I’ve had these same issues. The hardest issue is when there’s a custom operation that needs to be implemented, but just getting all the Python dependencies correct, and getting the flow to work has been super challenging. Even converting from the Python version of TF to TFJS can be tough. I managed to get super slo-mo and deinterlace converted and using the pretrained models. However, like Kevin, despite many hours of attempts, I have yet to get a PyTorch model converted. My next target is the Maxim models, which are being refactored to work with arbitrary resolutions.

Thank you Dan for weighing in, this is very valuable feedback, and I shall be sure to bring this up in our future team discussions internally :slight_smile:

Converting to TFJS is a notoriously frustrating process. I once had a model with the following operation which crashed during inference:

x = 1 - x

Wrapping it in a separate layer solved the problem:

class OneMinus(keras.layers.Layer):
    def call(self, x):
        return 1 - x

The moral is, it’s usually possible to get what you want if you have fine control over the Tensorflow model. That is not the case when the model is converted from onnx, though.

If your source model is in Pytorch, you might want to take a look at Nobuco library.

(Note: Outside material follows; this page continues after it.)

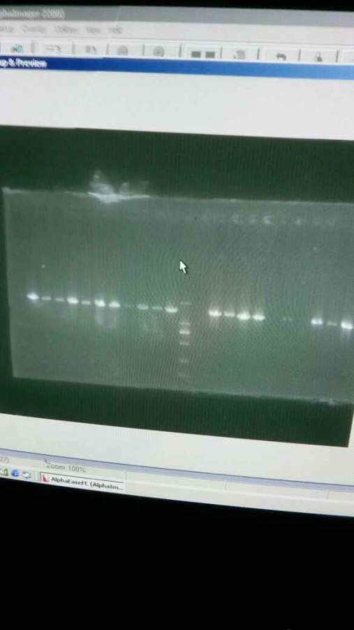 你是不是把marker的位置理解反了?如果你的是2000的marker,从上到下应该是2000,1000,750,500,250,100,你的目的条带应该是1500左右,完全符合理论值,扩增没错。 发自小木虫Android客户端 |
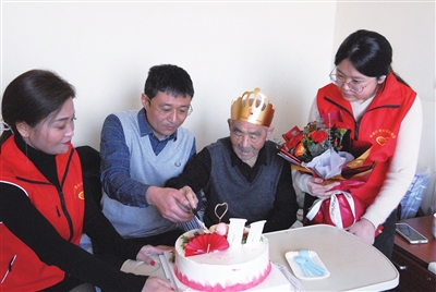 105岁的郑平德老人在家人和志愿者的陪伴下切生日蛋糕。

It should be flexible enough to let you fix the possible problems.

Thanks for the feedback and welcome to the TF forum Lex!

I am trying to convert this model GitHub - Megvii-BaseDetection/YOLOX at bb9185c095dfd7a8015a1b82f3e9a065090860b8

It just wouldn’t get the right numbers after running it in tfjs, I think pth->onnx->tf->tfjs is too many steps and something may be missed along the way.

1 Like

Thank you for sharing, indeed it is known to be tricky to go from Pytorch to TensorFlow via onnx. Have passed this on to the team.

1 Like

Currently I am just using onnx runtime, which works in node js and the browser, but it is far more convenient to have it in tfjs, as it works pretty well for the pre/post-processing steps, which onnxruntimes can not do.